Here an extensive data preparation pipeline is been constructed. It includes several converters for binary, category, numeric, and feature-engineered columns. The median is used to impute missing values for numerical columns, and StandardScaler is then used to scale the numbers. One-hot encoding is used in categorical columns, which have missing values filled in with "unknown." For imputation, binary columns utilize the value that occurs most frequently. A user-defined function called "new_col" is integrated into a custom pipeline called "my_new_column," which also scales the output. Utilizing ColumnTransformer, the last "preprocessor" integrates all transformers and correctly handles different kinds of columns.

# Transform: fit_transform() for TRAIN

In [136]:
#Fit and transform the train data
train_x = preprocessor.fit_transform(train_inputs)

train_x

array([[-1.65957673,  0.77436888,  0.34734527, ...,  1.        ,
         0.        , -1.09509054],
       [-0.47299662,  0.43624006, -0.00888708, ...,  0.        ,
         1.        , -1.09509054],
       [ 1.88767327, -0.57814643, -0.00888708, ...,  1.        ,
         0.        ,  0.91316651],
       ...,
       [ 1.20070584,  0.09811123,  0.70357761, ...,  1.        ,
         0.        ,  0.91316651],
       [ 0.35136429,  1.11249771, -0.36511942, ...,  1.        ,
         1.        ,  0.91316651],
       [ 0.12653859, -0.35272721, -1.43381644, ...,  0.        ,
         0.        ,  0.91316651]])

In [137]:
train_x.shape

(115523, 14)

# Tranform: transform() for TEST

In [138]:
# Transform the test data
test_x = preprocessor.transform(test_inputs)

test_x

array([[ 1.7627701 , -0.80356565,  1.05980995, ...,  1.        ,
         0.        ,  0.91316651],
       [-0.34809345, -1.3671137 ,  0.34734527, ...,  1.        ,
         0.        , -1.09509054],
       [-1.14747373,  0.09811123,  0.70357761, ...,  1.        ,
         0.        , -1.09509054],
       ...,
       [-0.18571933, -1.3671137 ,  0.34734527, ...,  1.        ,
         0.        , -1.09509054],
       [ 1.21319616,  0.21082084,  0.34734527, ...,  1.        ,
         0.        ,  0.91316651],
       [ 0.26393207,  0.66165927,  1.41604229, ...,  1.        ,
         0.        ,  0.91316651]])

In [139]:
test_x.shape

(49511, 14)

# Baseline

In [140]:
from sklearn.dummy import DummyClassifier

dummy_clf = DummyClassifier(strategy="most_frequent")

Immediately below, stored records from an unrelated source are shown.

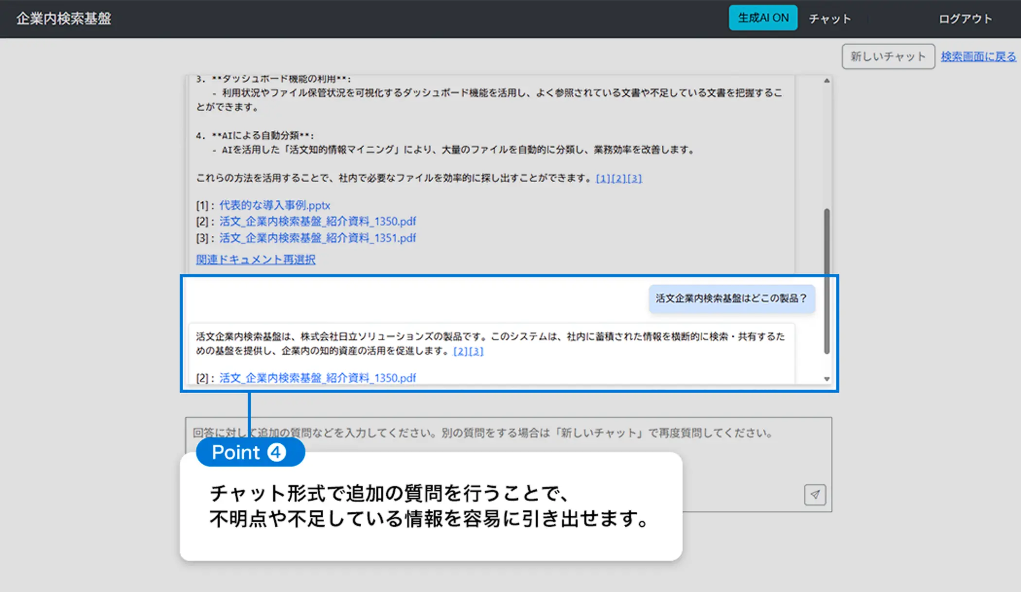 追加の質問を入力 - 必要な情報に素早くたどり着けるため、業務効率が向上する。
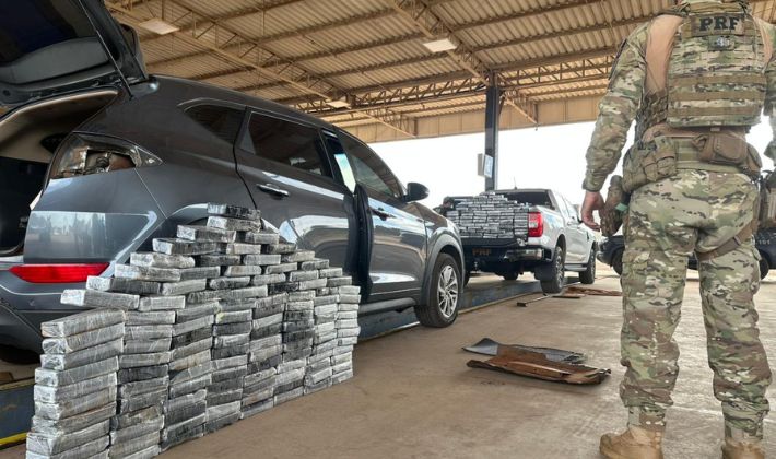A droga era transportada em dois veículos que foram abordados na rodovia e levados até um posto de combustíveis para abertura dos compartimentos em que os produtos estavam escondidos: assoalhos e lanternas.
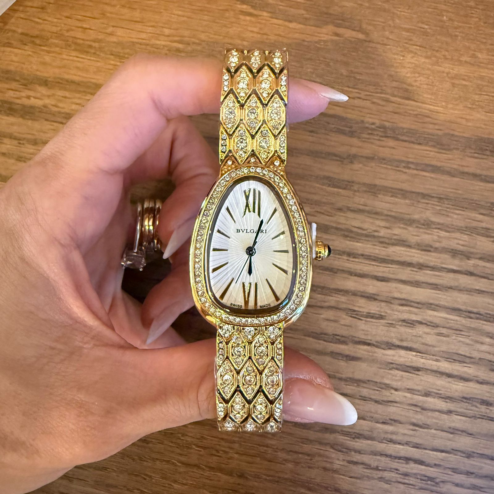 RELÓGIO LUXO COBRA CRAVEJADO DOURADO

dummy_clf.fit(train_x, train_y)

In [141]:
from sklearn.metrics import accuracy_score

In [142]:
#Baseline Train Accuracy
dummy_train_pred = dummy_clf.predict(train_x)

baseline_train_acc = accuracy_score(train_y, dummy_train_pred)

print('Baseline Train Accuracy: {}' .format(baseline_train_acc))

Baseline Train Accuracy: 0.7875487998060993


In [143]:
#Baseline Test Accuracy
dummy_test_pred = dummy_clf.predict(test_x)

baseline_test_acc = accuracy_score(test_y, dummy_test_pred)

print('Baseline Test Accuracy: {}' .format(baseline_test_acc))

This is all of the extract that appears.